The  was an incident that took place in Japan in April 14, 1988 in Tokyo's Toshima Ward. Covered extensively by both Japanese and international media, it was also the basis of the 2004 drama film Nobody Knows.  

The incident involved a mother who abandoned her five underage children whose names were never released, but referred to simply as Children A, B, C, D, and E.

Background
Child A, a boy, was born in 1973; Child B in 1981. Child C died soon after birth in 1984. Children D and E were born in 1985 and 1986 respectively. All of the children had different fathers. Although it is unclear, it appears that besides Child A, several (perhaps all) of the other children were unregistered. None of the children attended school. In Autumn 1987, having met a new boyfriend, the mother placed Child A in charge of the others, leaving him with ¥50,000 (around US$350 at the time) for their living expenses in their Tokyo apartment.

Discovery
On April 14, 1988, the youngest, Child E, was assaulted by friends of Child A (known only as Friend A and Friend B), and died as a result. On July 17 of the same year, acting on a tip from the landlord, Sugamo officials entered the apartment and discovered the severely malnourished Child A (then 14), Child B (seven), and Child D (three). They also found the body of Child C, but not Child E.  The information given by the children was vague. It was determined that the malnourishment was caused in part by the children's diet, which consisted largely of food bought at convenience stores.

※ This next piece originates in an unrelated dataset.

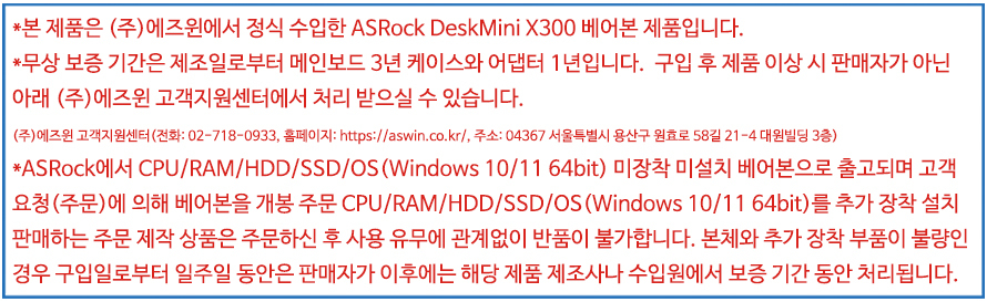 ASRock DeskMini X300 120W 에즈윈 미니 베어본 PC

As a result of news coverage of the incident, the mother turned herself in on July 23. Her testimony revealed that the children had been alone for about nine months and that the whereabouts of Child E were unknown. On July 25, Child A's testimony revealed that Child E had been killed by Friend B of Child A, and that her body had been buried in a wood in Chichibu by Child A and Friend A. Friend A and Friend B were sent to a reform school for their involvement in the death.  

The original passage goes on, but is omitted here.